Given records:
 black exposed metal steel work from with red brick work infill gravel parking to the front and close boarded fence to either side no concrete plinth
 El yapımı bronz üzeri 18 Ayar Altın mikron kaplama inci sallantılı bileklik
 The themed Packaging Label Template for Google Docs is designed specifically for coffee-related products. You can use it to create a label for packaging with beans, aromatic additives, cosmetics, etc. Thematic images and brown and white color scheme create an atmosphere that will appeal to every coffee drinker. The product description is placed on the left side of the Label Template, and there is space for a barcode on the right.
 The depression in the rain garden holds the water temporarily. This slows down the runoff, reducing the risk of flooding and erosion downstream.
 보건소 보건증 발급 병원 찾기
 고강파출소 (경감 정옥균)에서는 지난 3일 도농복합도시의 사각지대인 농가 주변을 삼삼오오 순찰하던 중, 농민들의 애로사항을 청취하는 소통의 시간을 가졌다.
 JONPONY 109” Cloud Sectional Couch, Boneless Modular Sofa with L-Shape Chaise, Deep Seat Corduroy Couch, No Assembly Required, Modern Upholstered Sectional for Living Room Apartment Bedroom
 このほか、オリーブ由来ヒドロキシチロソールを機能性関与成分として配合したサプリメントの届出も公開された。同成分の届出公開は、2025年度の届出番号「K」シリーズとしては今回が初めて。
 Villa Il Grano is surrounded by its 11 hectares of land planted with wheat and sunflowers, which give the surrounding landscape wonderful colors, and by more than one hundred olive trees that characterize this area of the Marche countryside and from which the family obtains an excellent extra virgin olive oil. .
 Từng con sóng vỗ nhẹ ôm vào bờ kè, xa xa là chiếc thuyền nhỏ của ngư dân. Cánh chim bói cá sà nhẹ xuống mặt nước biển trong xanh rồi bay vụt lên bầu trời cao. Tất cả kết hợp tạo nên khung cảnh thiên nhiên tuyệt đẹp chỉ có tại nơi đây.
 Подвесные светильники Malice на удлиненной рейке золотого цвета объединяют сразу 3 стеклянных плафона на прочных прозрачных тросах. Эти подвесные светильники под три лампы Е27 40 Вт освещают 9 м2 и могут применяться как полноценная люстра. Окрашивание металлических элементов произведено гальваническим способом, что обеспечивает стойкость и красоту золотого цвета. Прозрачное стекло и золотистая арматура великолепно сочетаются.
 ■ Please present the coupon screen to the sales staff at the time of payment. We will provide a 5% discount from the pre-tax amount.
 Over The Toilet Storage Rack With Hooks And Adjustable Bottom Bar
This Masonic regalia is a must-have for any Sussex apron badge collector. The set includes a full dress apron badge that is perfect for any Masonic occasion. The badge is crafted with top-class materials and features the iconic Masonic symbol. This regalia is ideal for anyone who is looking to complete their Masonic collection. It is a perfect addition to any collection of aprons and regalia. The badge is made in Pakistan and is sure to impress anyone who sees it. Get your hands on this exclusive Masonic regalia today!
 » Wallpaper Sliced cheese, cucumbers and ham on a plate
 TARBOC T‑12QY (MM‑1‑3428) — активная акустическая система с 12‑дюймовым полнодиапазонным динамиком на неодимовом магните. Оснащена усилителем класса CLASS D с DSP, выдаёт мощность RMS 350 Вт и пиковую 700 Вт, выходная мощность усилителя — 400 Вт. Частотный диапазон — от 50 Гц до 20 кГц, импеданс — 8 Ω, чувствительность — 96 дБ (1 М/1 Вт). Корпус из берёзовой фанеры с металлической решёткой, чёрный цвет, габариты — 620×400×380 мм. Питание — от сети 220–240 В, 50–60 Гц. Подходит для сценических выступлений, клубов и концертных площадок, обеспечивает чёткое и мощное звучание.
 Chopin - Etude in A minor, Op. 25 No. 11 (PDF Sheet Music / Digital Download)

Task brief:
Give back the full listing exactly as it stands above.

Task output:
 black exposed metal steel work from with red brick work infill gravel parking to the front and close boarded fence to either side no concrete plinth
 El yapımı bronz üzeri 18 Ayar Altın mikron kaplama inci sallantılı bileklik
 The themed Packaging Label Template for Google Docs is designed specifically for coffee-related products. You can use it to create a label for packaging with beans, aromatic additives, cosmetics, etc. Thematic images and brown and white color scheme create an atmosphere that will appeal to every coffee drinker. The product description is placed on the left side of the Label Template, and there is space for a barcode on the right.
 The depression in the rain garden holds the water temporarily. This slows down the runoff, reducing the risk of flooding and erosion downstream.
 보건소 보건증 발급 병원 찾기
 고강파출소 (경감 정옥균)에서는 지난 3일 도농복합도시의 사각지대인 농가 주변을 삼삼오오 순찰하던 중, 농민들의 애로사항을 청취하는 소통의 시간을 가졌다.
 JONPONY 109” Cloud Sectional Couch, Boneless Modular Sofa with L-Shape Chaise, Deep Seat Corduroy Couch, No Assembly Required, Modern Upholstered Sectional for Living Room Apartment Bedroom
 このほか、オリーブ由来ヒドロキシチロソールを機能性関与成分として配合したサプリメントの届出も公開された。同成分の届出公開は、2025年度の届出番号「K」シリーズとしては今回が初めて。
 Villa Il Grano is surrounded by its 11 hectares of land planted with wheat and sunflowers, which give the surrounding landscape wonderful colors, and by more than one hundred olive trees that characterize this area of the Marche countryside and from which the family obtains an excellent extra virgin olive oil. .
 Từng con sóng vỗ nhẹ ôm vào bờ kè, xa xa là chiếc thuyền nhỏ của ngư dân. Cánh chim bói cá sà nhẹ xuống mặt nước biển trong xanh rồi bay vụt lên bầu trời cao. Tất cả kết hợp tạo nên khung cảnh thiên nhiên tuyệt đẹp chỉ có tại nơi đây.
 Подвесные светильники Malice на удлиненной рейке золотого цвета объединяют сразу 3 стеклянных плафона на прочных прозрачных тросах. Эти подвесные светильники под три лампы Е27 40 Вт освещают 9 м2 и могут применяться как полноценная люстра. Окрашивание металлических элементов произведено гальваническим способом, что обеспечивает стойкость и красоту золотого цвета. Прозрачное стекло и золотистая арматура великолепно сочетаются.
 ■ Please present the coupon screen to the sales staff at the time of payment. We will provide a 5% discount from the pre-tax amount.
 Over The Toilet Storage Rack With Hooks And Adjustable Bottom Bar
This Masonic regalia is a must-have for any Sussex apron badge collector. The set includes a full dress apron badge that is perfect for any Masonic occasion. The badge is crafted with top-class materials and features the iconic Masonic symbol. This regalia is ideal for anyone who is looking to complete their Masonic collection. It is a perfect addition to any collection of aprons and regalia. The badge is made in Pakistan and is sure to impress anyone who sees it. Get your hands on this exclusive Masonic regalia today!
 » Wallpaper Sliced cheese, cucumbers and ham on a plate
 TARBOC T‑12QY (MM‑1‑3428) — активная акустическая система с 12‑дюймовым полнодиапазонным динамиком на неодимовом магните. Оснащена усилителем класса CLASS D с DSP, выдаёт мощность RMS 350 Вт и пиковую 700 Вт, выходная мощность усилителя — 400 Вт. Частотный диапазон — от 50 Гц до 20 кГц, импеданс — 8 Ω, чувствительность — 96 дБ (1 М/1 Вт). Корпус из берёзовой фанеры с металлической решёткой, чёрный цвет, габариты — 620×400×380 мм. Питание — от сети 220–240 В, 50–60 Гц. Подходит для сценических выступлений, клубов и концертных площадок, обеспечивает чёткое и мощное звучание.
 Chopin - Etude in A minor, Op. 25 No. 11 (PDF Sheet Music / Digital Download)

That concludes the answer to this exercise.